R. Guardando as proporções é o que você tem em São Paulo. A poluição é pela inexistência de tratamentos de esgoto. Eles correm soltos e procuram um lugar para chegar, aqui chegam nos rios Tietê, Pinheiros e no Tamanduateí e, no Rio, vão para a Baía de Guanabara. Então, o problema não é tratar a água da baía, o problema está em todos aqueles afluentes que desembocam na baía que já trazem no seu leito esse esgoto. A falta de recursos dos Estados destinados a enfrentar isso é clara. O Governo federal também já deixou claro que não consegue dar a verba necessária para criar infraestruturas. Você precisa de parcerias público-privadas, mas já não dá tempo, 2016 é depois de amanhã. Agora, o projeto de despoluição da baía de Guanabara existe há mais de 15 anos, com dinheiro do Banco Mundial.

O projeto de despoluição da Bahia de Guanabara é de há mais de 15 anos, com dinheiro do Banco Mundial

O investimento é uma questão de prioridades. Precisava ter um novo velódromo ou investir em tubulação de esgoto? Precisava enfrentar a mobilidade urbana ou o saneamento básico? Ai é que entram as políticas públicas. No Brasil, em outros setores como o aeronáutico estamos aparelhadíssimos, mas em certas coisas temos um nível horrível. O país parou de planejar.

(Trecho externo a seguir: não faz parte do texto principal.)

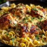 A comforting and delicious dish of juicy chicken thighs cooked in a creamy sauce with perfectly buttered noodles, ideal for busy weeknights.
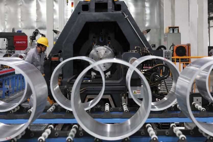 2024年5月31日,工人正在生产车载储氢器内胆。位于张家港市的江苏国富氢能技术装备股份有限公司是国内领先的氢能全产业链核心设备的研发和制造商。
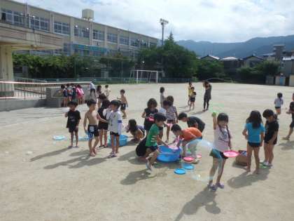 水をかけあったり,大きなシャボン玉を作ったり,夏ならではの思い出が学校でもできたと思います。
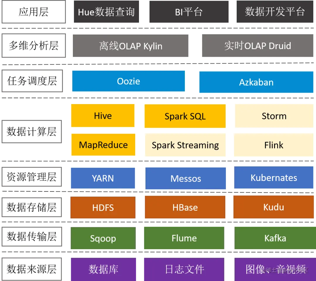 前面谈到大数据相关的技术有几十种,下面通过大数据平台的通用架构来了解下整个技术体系。

P. Você enxerga o mundo através da água há três anos. Como é ter essa visão?

R. Eu vejo que em algumas regiões, as mais desenvolvidas onde a sociedade tem maior consciência sobre o meio ambiente, você vê prioridades bem claras nesse assunto nas políticas públicas. Nos países emergentes, localizados na América Latina e na África principalmente, você vê coisas horríveis. Nós temos na América do Sul cerca de 480 milhões de pessoas e 50% não têm esgoto tratado. Você vai na África, na Namíbia por exemplo, e as pessoas tomam água do esgoto porque ou bebe aquela água ou não bebe nenhuma. Agora, se você vê Israel, questiona: como pode ser exportador de alimentos quando sofre um estresse hídrico por natureza? O país foi buscar tecnologias, eles tratam a água com uma delicadeza que nós não tratamos. Nosso problema é que somos um país abundante do ponto de vista hídrico, e falta um cuidado pela água que o resto do mundo já tem. Nós começamos só agora a nos preocupar, a partir desta seca.